A FAIT ACCOMPLI
Posted on January 13th, 2013

Editorial, The Daily News

The President has decided to remove Chief Justice Shirani Bandaranayake from her post on Parliament’s request after the Legislature voted, Friday, to impeach her. This is constitutional procedure, and hence one more indication that every aspect of this impeachment has been carried out scrupulously as per law.

Concerns of those such as the Commonwealth Secretary General Kamalesh Sharma’s are obviously rather superfluous in this regard. Mr. Sharma has said something to the effect that careful consideration should be given to all aspects of the impeachment before the next moves are made.

The constitutional procedure is in place to ensure that such due consideration is given, always, and that due process is being followed is an indication that ‘careful consideration’ that is a sine qua non in matters of this nature, is of course being given — with due cognizance also to all of the other associated aspects, such as the fact that a wish of the majority of the Legislature cannot by any means be taken lightly.

The impeachment drama was good newspaper fodder, but there is nothing near the critical mass of opinion against it to make it a pivotal issue that will change the course of future politics drastically in this country. Those such as Kamalesh Sharma know this, which is why their statements of ‘concern’ etc., sound as if someone has decided to go through the paces of making some kind of claim for the record.

It would have helped if these so called conscientious observers from abroad, treated these internal issues strictly as the business of the country and its people. But, it has by and large been accepted that the impeachment of the Chief Justice was done according to constitutional process, and that the impeachment motion’s substance concerned some obvious integrity issues about the person concerned – which made it a routine matter, that was upto the Legislature and the Executive to sort out.

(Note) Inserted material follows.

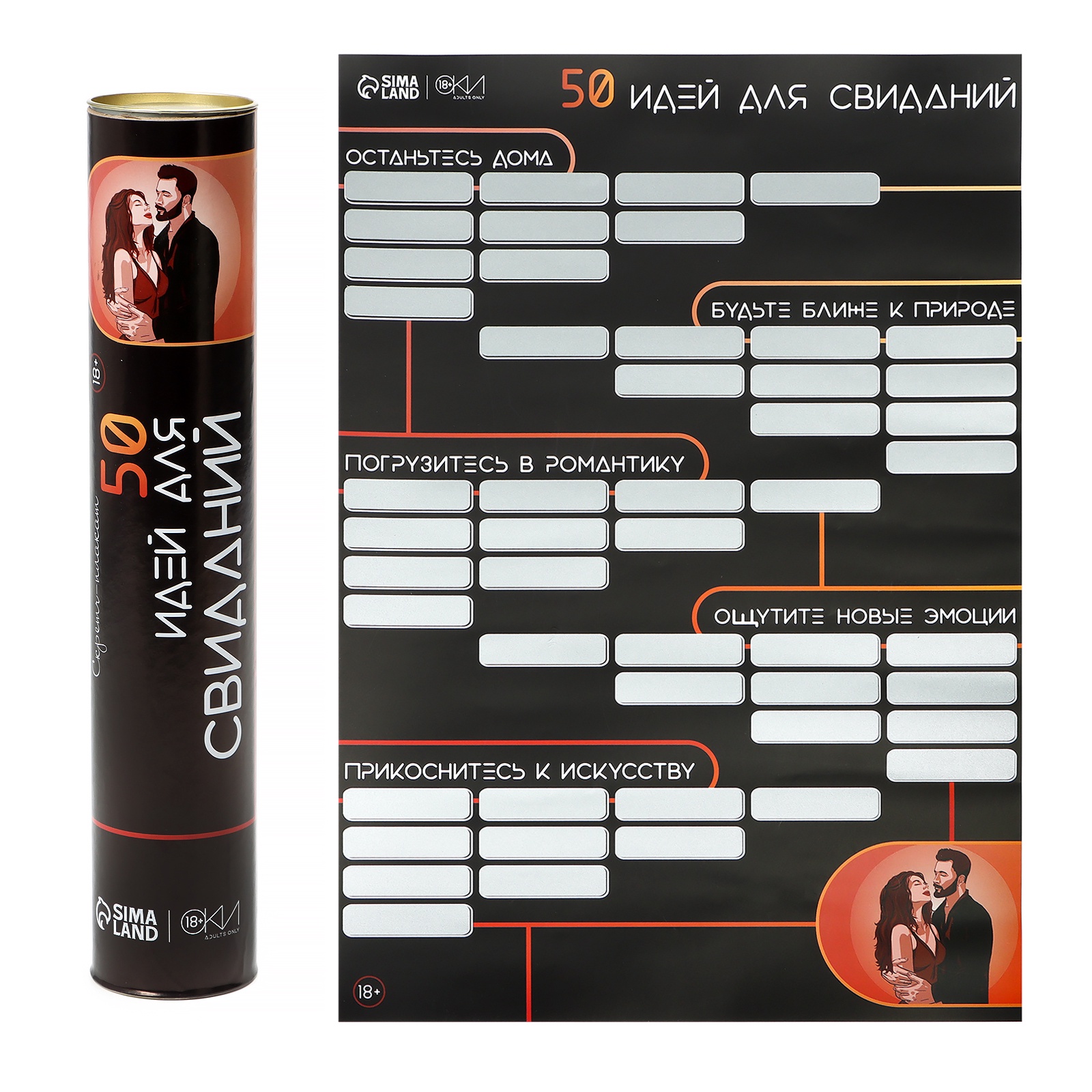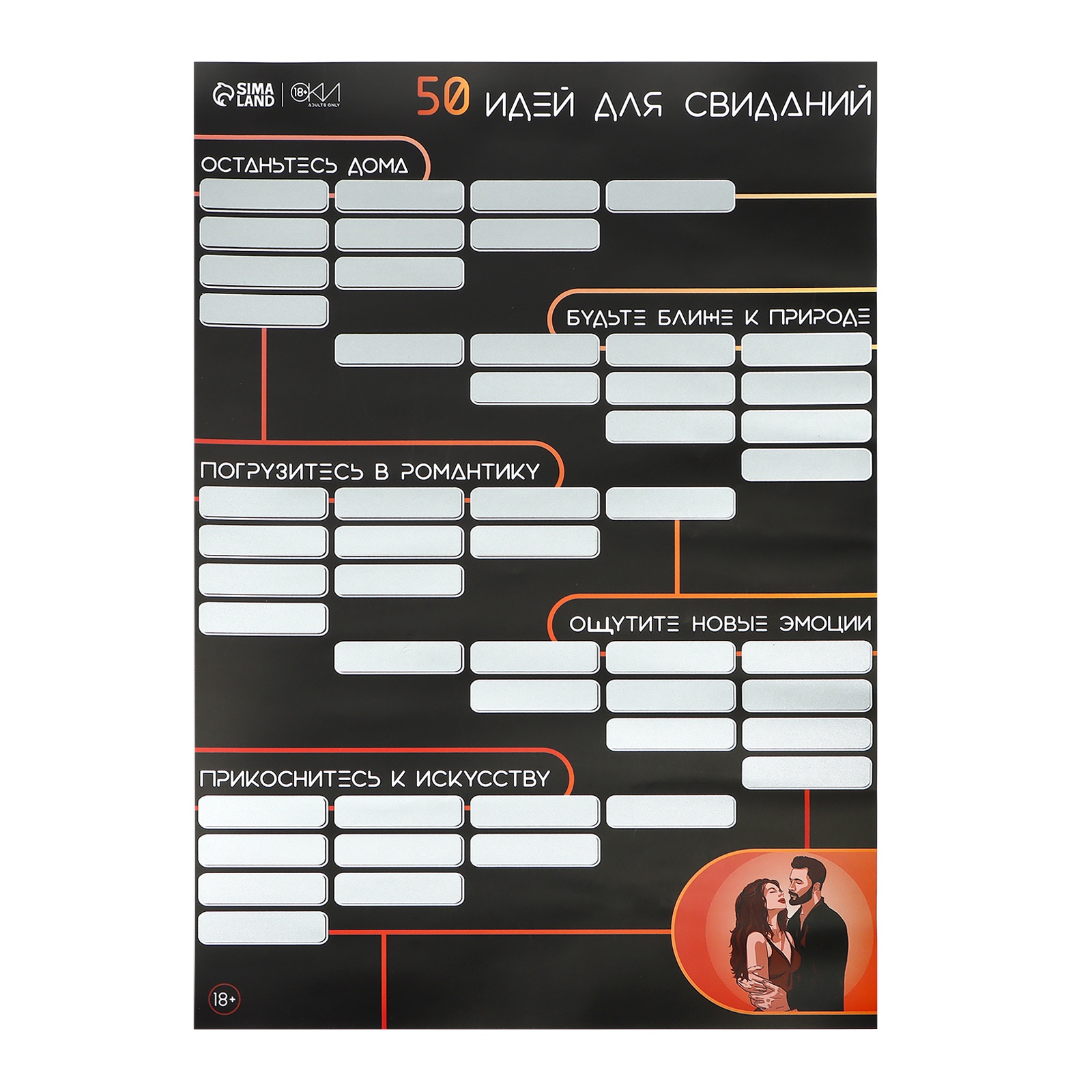 Плакат для двоих со скретч-слоем «50 идей для свиданий», А3

There is not going to be any external intervention on this matter, and that should put the delirious minds of the Paikiasothys and the Weliamunas at rest. The UN rapporteur of the Independence of the Judiciary, Gabriella Knaul has already stated that she is not going to make a report on this issue, and will make something in the nature of a verbal intervention if the need arises at the UN Human Rights Council sessions.

How could the UN rapporteur do otherwise? In any respectable polity in which Rule of Law reigns, the integrity issues that stand against the Sri Lankan CJ’s name would have made impeachment a necessity, not a matter of choice. Good governance champions could therefore hardly with a straight face say that there is something wrong with the impeachment that’s now a fait accompli.

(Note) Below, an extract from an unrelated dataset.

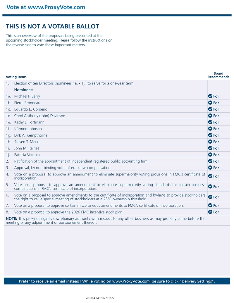 Vote at www.ProxyVote.com Prefer to receive an email instead? While voting on www.ProxyVote.com, be sure to click “Delivery Settings”. Voting Items Board Recommends V83064-P40726-Z91522 THIS IS NOT A VOTABLE BALLOT This is an overview of the proposals being presented at the upcoming stockholder meeting. Please follow the instructions on the reverse side to vote these important matters. 1. Election of ten Directors (nominees 1a. - 1j.) to serve for a one-year term. Nominees: 1a. Michael F. Barry For 1b. Pierre Brondeau For 1c. Eduardo E. Cordeiro For 1d. Carol Anthony (John) Davidson For 1e. Kathy L. Fortmann For 1f. K’Lynne Johnson For 1g. Dirk A. Kempthorne For 1h. Steven T. Merkt For 1i. John M. Raines For 1j. Patricia Verduin For 2. Ratification of the appointment of independent registered public accounting firm. For 3. Approval, by non-binding vote, of executive compensation. For 4. Vote on a proposal to approve an amendment to eliminate supermajority voting provisions in FMC’s certificate of incorporation. For 5. Vote on a proposal to approve an amendment to eliminate supermajority voting standards for certain business combinations in FMC’s certificate of incorporation. For 6. Vote on a proposal to approve amendments to the certificate of incorporation and by-laws to provide stockholders the right to call a special meeting of stockholders at a 25% ownership threshold. For 7. Vote on a proposal to approve certain miscellaneous amendments to FMC’s certificate of incorporation. For 8. Vote on a proposal to approve the 2026 FMC incentive stock plan. For NOTE: This proxy delegates discretionary authority with respect to any other business as may properly come before the meeting or any adjournment or postponement thereof.
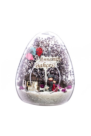 Küçük boy elma cam fanus içerisinde tasarladığımız bu güzel teraryum; beyaz kum, karışık renkli kurutulmuş bitkiler, renkli yapay mini güller, renkli simli kalpler, bir adet ahşap canım annem yazılı balonlu tabela ve bir adet sarı elbiseli genç kadını simgeleyen objeler kullanılarak tamamlanmıştır. Ev ve ofis ortamlarının tamamında sergilenebilir teraryumun içinde, kurutulmuş bitkiler bulunduğundan hava alması önemlidir. Açık olan kısmının kapatılmaması veya büfe vb. kapalı alanlara konulmaması gereklidir. Özellikle her ortamda yıllarca, zevkle izlenebilecek özel bir teraryumdur. Yaklaşık Ölçüleri: 20x20cm NOT: Teraryumlarda kullanılan camlar, üfleme cam işçiliğiyle üretildiğinden bazı detaylarda farklılıklar gözlenebilir. Örneğin, sap kısmı ve ağız bitiş noktalarının her biri kendine özgüdür.

This impeachment should have gone down as a plus for good governance. Why it did not is a mystery, but this partly has to do with the fact that the issue has been shanghaied by local and foreign based political forces to further the ongoing vendetta against the administration that vanquished the Tamil Tigers.

It is unfortunate that whenever an issue gets politically hijacked, organizations such as the Commonwealth get swayed by the media treatment of the issue, rather than the situation on the ground. But, leaders should have the courage of their convictions, and this has been fortunately the strong suit of the Sri Lankans.

When something is done with the decisive no-nonsense practical deliberateness of the impeachment, people are compelled to sit up and take notice. The US for example, cannot help but notice that the impeachment is something that would have happened in that country, in exactly the same way – as the American procedure for impeaching a Chief Justice or a judge of the Supreme Court is almost identical to what has been followed in this instance. The other positive aspect is that the facts on the impeachment were stated logically, and those who needed to know were educated on the reality that this process was legitimate.

It was also entertaining that dissenting town criers provided some sort of accompanying music to the entire short lived drama. That’s called democracy, by the way.